There's gamesmanship and then there's faking an injury to fox your opponent. Don't anyone accuse Andy Murray on either score. Ernests Gulbis, the lackadaisical Latvian, did just that and look what happened to him. The Scot's quickly dispatched second-round opponent claimed Murray had purposely taken a medical time out at their last encounter at Queen's Club in 2008 just to throw him. Not so, insisted Murray. "That's a form of cheating [gamesmanship]. I'm one of the guys who don't do it." Calling for a medical time out is every player's right, but some seem to need them more than others. Novak Djokovic, we're watching.

The British are going...

Ironic, huh, that the first year we have a real stab at a home-grown winner, the rest of the Brits have an absolute shocker.

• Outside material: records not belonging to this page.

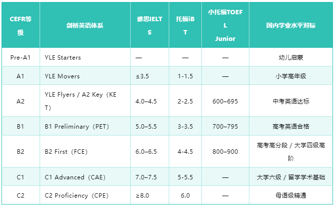 国内中高考虽无官方对标,但普遍认为其难度对应 A2(中考)、B1(高考),可结合剑桥英语、雅思 / 托福等考试自测等级,精准定位能力水平。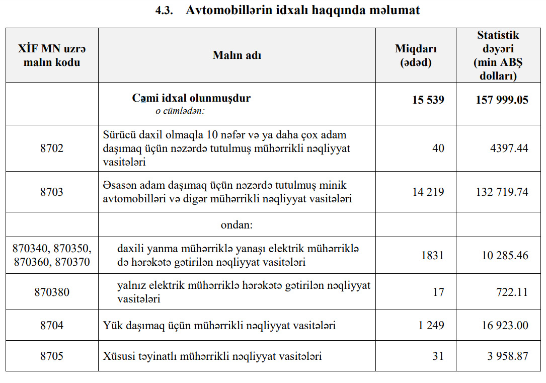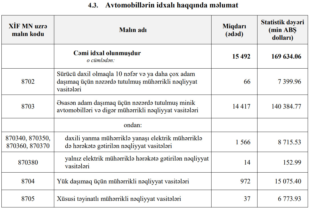 Minik avtomobillərinin idxalı 14 min 417 ədəddən 14 min 219 ədədə geriləyib.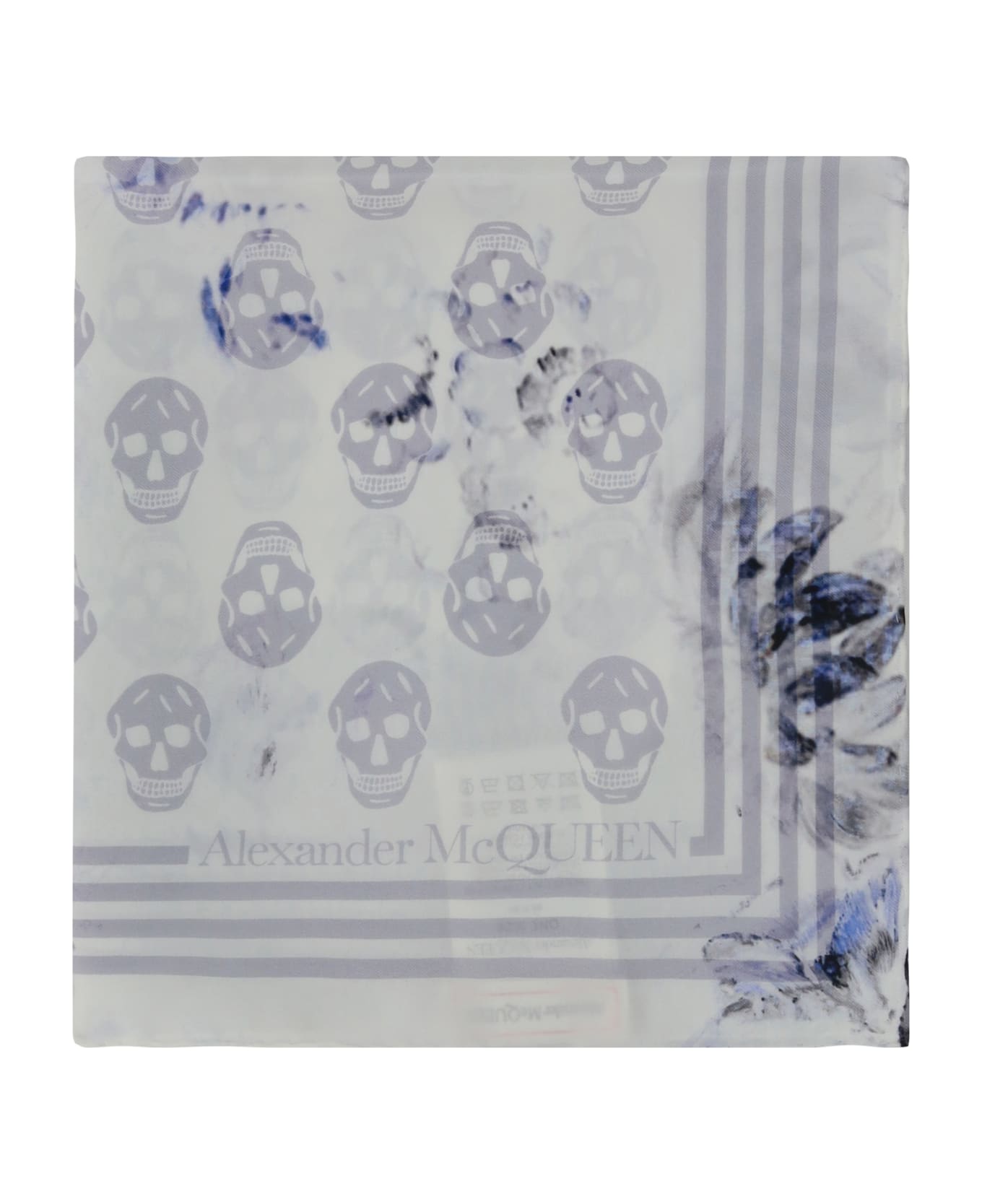 Silk biker scarf by alexander mcqueen, iconic all-over contrasting printed skull logo, floral print design, iconic brand signature on sides. Composition: 100% % Silk

Dan Evans, who lost in the first round, had the right idea: "I might not be a tennis player soon – I might be stacking shelves. Tesco are advertising." Others were less contrite, with Elena Baltacha and Anne Keothavong lashing out at critics, including the Sports minister, Gerry Sutcliffe, who had said getting two players out of 11 into the second round was "not acceptable". Really, though, Keothavong, blaming an unsupportive crowd is just not on. Murraymania, anyone? No 2, Alex Bogdanovic, will struggle to shake his new nickname – A-Bog – after crashing out in the first round for the eighth straight year.